Cumprindo um pedido?
Felipe?
A ponta da caneta de Natália parou no papel.
Durante aquele ano, ela viu com os próprios olhos Felipe correndo de um lado para outro por ela, buscando médicos e remédios, mas nada surtira efeito.
Até que, há meio ano, com a troca pelo Dr. Lucas, sua audição começou a melhorar pouco a pouco...
Mas, de alguma forma, Natália sentia que havia algo errado.
O relacionamento de Felipe com o Dr. Lucas era tão bom assim?

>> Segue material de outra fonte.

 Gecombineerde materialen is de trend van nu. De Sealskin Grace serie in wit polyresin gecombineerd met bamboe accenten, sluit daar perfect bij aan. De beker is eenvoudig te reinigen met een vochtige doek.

Como era possível que, nas vezes em que vinha fazer os exames, o Dr. Lucas nunca lançava sequer um olhar amigável para Felipe?

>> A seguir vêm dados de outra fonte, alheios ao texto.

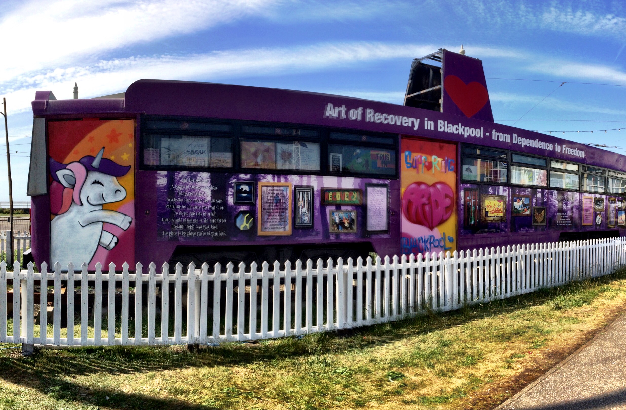 We have been spray painting these portraits on the Recovery Tram: working with Blackpool Horizon Art Club to produce stencil based art work using photographs of participants.
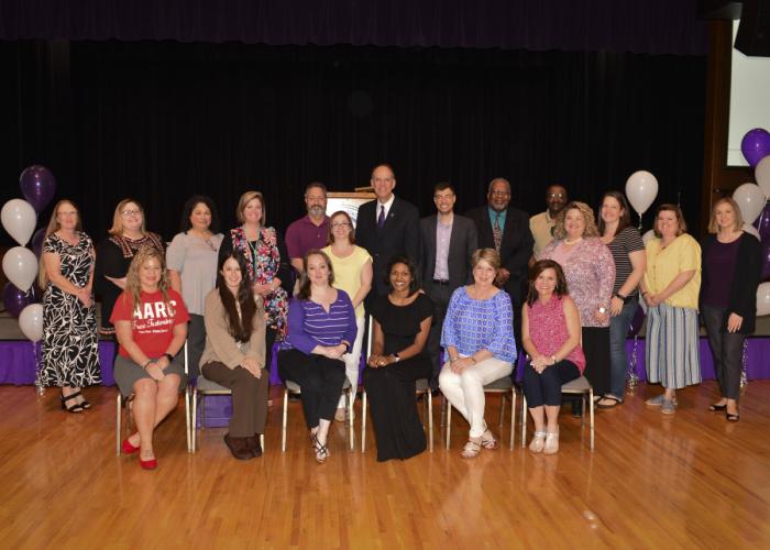 Pictured standing, from left, are honorees Bradford, Wilkerson Williams, Ramirez, Middleton, Ghiringhelli, Mitchum, SFA Interim President Steve Westbrook, honorees Derrick, Baker, Upshaw, Johnson, Creel, Zawlocki and Carmona. Seated, from left, are Weatherford, Story, DeWitt, Darden, Faires and Beckwith.

Ela olhou para Lucas com uma expressão interrogativa.
— Tudo bem, não vou mais atrapalhar o seu descanso. Recupere-se bem. — Mas Lucas não prolongou o assunto.
— Obrigada, Dr. Lucas.
A porta se fechou.
O quarto voltou a ficar silencioso.
O celular no travesseiro vibrou algumas vezes de repente.
Natália pegou o aparelho e deu uma olhada. A maioria das mensagens era da sua mãe, apenas perguntando se ela havia comprado a passagem e quando voltaria a Porto Real...
Natália checou o horário. Foram enviadas às três da manhã, com a mais recente às sete horas.
Ela digitou a resposta: 【Mãe, aconteceu um imprevisto por aqui, estarei de volta em alguns dias.】
Assim que enviou, o telefone vibrou de novo.
A mensagem mais abaixo era do WhatsApp de Felipe:
【Nati, o machucado de ontem foi grave? Vou te ver daqui a pouco, o que quer comer? Eu levo.】
Lendo aquelas palavras, um sorriso gélido curvou os lábios de Natália.
Ela abaixou os olhos, abriu a conversa e digitou:
【Felipe, vamos terminar.】
Depois de enviar, ela bloqueou e excluiu o número, tudo de uma vez.
O homem no banco do carona era Samuel Queirós, amigo de infância de Felipe, que também estivera na sala privativa na noite passada.
— O que foi? Mensagem da Natália? — Ao ver a expressão de Felipe, não conseguiu se conter.
Felipe continuou em silêncio; apenas jogou o celular de volta no console e retomou a marcha.
— Olha, Felipe, você também não pode culpar a Natália por estar com raiva. Com o que aconteceu ontem, quem não ficaria magoada? — Vendo que ele não negou, Samuel soube que tinha acertado, encostou-se no banco e suspirou.
As mãos de Felipe apertaram o volante, mas ele permaneceu calado.
— Mas também não se preocupe muito. A Natália é de coração mole, além de ser louca por você. Daqui a pouco você vai ao hospital, dá uma bajulada, compra umas flores, fala umas palavras bonitas, e isso passa. — Samuel continuou.
Felipe permaneceu calado.
— Pensando bem, a Natália é digna de pena. Veio sozinha de Porto Real para a Vila do Norte só por sua causa, sem família, sem conseguir escutar. Se sofria alguma injustiça, só lhe restava aguentar. Naquela época, a Juliana não pegou nada leve com ela, não é? E ela suportou tudo. Por quê? Não foi porque te ama? Mulheres assim são fáceis de convencer. — Samuel não percebeu a estranheza dele e continuou tagarelando.
— Ela pediu para terminar. — Felipe falou de repente.
— O quê? — Samuel parecia não acreditar no que ouvia.
— Ela me mandou uma mensagem, pedindo para terminar. — Felipe continuou encarando o trânsito à frente, o gogó moveu-se enquanto ele repetia.
— Terminar? — Samuel ficou atônito por um segundo, e logo começou a rir. — Felipe, não brinca, a Natália terminar com você? Como isso seria possível?